In an all gather operation each process computes some data, and gives that data
to every other process. As a trivial example we first show how to have MPI rank
\(r\) “compute” three pieces of data, the integers \(r\), \(r+1\),
and \(r+2\). After computing the data, we synchronize it so that each
process has a copy of all the data.
// Get the MPI rank of the current process
const auto my_rank = my_rs.mpi_rank();
// "Compute some data"
std::vector<std::size_t> local_data{my_rank, my_rank + 1, my_rank + 2};
// Synchronize the data across the program
auto results = rv.gather(local_data);
Note
MPI operations are presently limited to the C++ API. Consider using mpi4py for your Python-based MPI needs.
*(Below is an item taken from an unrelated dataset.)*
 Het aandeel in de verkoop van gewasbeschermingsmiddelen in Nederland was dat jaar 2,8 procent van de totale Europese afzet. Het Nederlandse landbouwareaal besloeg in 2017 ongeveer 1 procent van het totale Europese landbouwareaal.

The value of results will be a \(3n\) element vector with the elements:
\(0, 1, 2, 1, 2, 3, 2, 3, 4, \ldots, n, n+1, n+2\) when the program is run
with \(n\) processes.
Program-Wide Logging
Logging (the fancy term for printing) in a program distributed across several processes can be a bit tricky. ParallelZone exposes two logging mechanisms, one for logging program-wide state and one for logging process-local state.
Warning
Logging program-wide state to the process-local logger is always okay. It usually just results in logging redundant information. Logging process-local information to the program-wide logger will usually not cause an error, but it may cause deadlock if every process does not call the program-wide logger.
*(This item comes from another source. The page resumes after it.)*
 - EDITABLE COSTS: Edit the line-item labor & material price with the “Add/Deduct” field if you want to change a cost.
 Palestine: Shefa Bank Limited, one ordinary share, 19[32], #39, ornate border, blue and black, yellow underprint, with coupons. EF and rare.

Generally speaking, the program-wide logger should be used for all logging needs except: when one needs to log distributed data, or when a logging statement will only be executed by a subset of processes. As an example, say we want to log the result of the all gather we performed in the previous example, we can do this by:
// Log the value of result (N.B. after gather all processes have the result)
for(const auto& x : results) rv.logger() << std::to_string(x);
Note
The streaming syntax of the Logger is presently a C++-only feature. See the next code snippet for how to log in Python.
This snippet shows the streaming API of the Logger class. This is a
convenient API for users familiar with std::cout (or more generally
std::ostream) style printing, but can only be used with “info”-level
log messages…which brings us to log levels.
Logging primarily differs from traditional printing in that each log statement is assigned a severity/importance. The severity levels tell you how severe the message is. In ParallelZone the severity choices are (and their suggested meanings):
trace - Logging that is considered verbose, even for debugging
debug - Logging that is likely only needed when trying to debug
info - Base-level logs, log messages primarily showing progress
warn - Something looks weird, it’s not necessarily wrong, but it’s odd
error - Something went wrong, but the program can recover
critical - Something went wrong, but recovery is not possible
Severity increases from “trace” to “critical” such that “trace” is the least important and “critical” is the most severe log statements. In practice, the value of a computed result usually falls under debug or trace. There’s at least two ways to do that:
// Log the value of result as severity::trace
for(const auto& x : results) rv.logger().trace(std::to_string(x));
// Log the value of result as severity::debug
auto debug_s = parallelzone::Logger::severity::debug;
for(const auto& x : results) rv.logger().log(debug_s, std::to_string(x));
my_rs = rv.my_resource_set()
# Log the value of result as severity::trace
for x in result:
rv.logger().trace(str(x))
# Log the value of result as severity::debug
debug_s = pz.Logger.severity.debug
The first example illustrates the use of the trace method. Each severity
level has its own corresponding method. The second example shows how to use
the more general log method. This particular overload of the log method
allows you to specify (at runtime if you like) the severity of the message.
Note
Notice that we did not discuss where the log message gets printed. This is called the “sink”. By default the program-wide logger has a sink which prints to standard out. When developing code with ParallelZone you should always use the loggers provided to your code, and not mess with the sinks. This is because the sinks are set by the person running the program to their liking.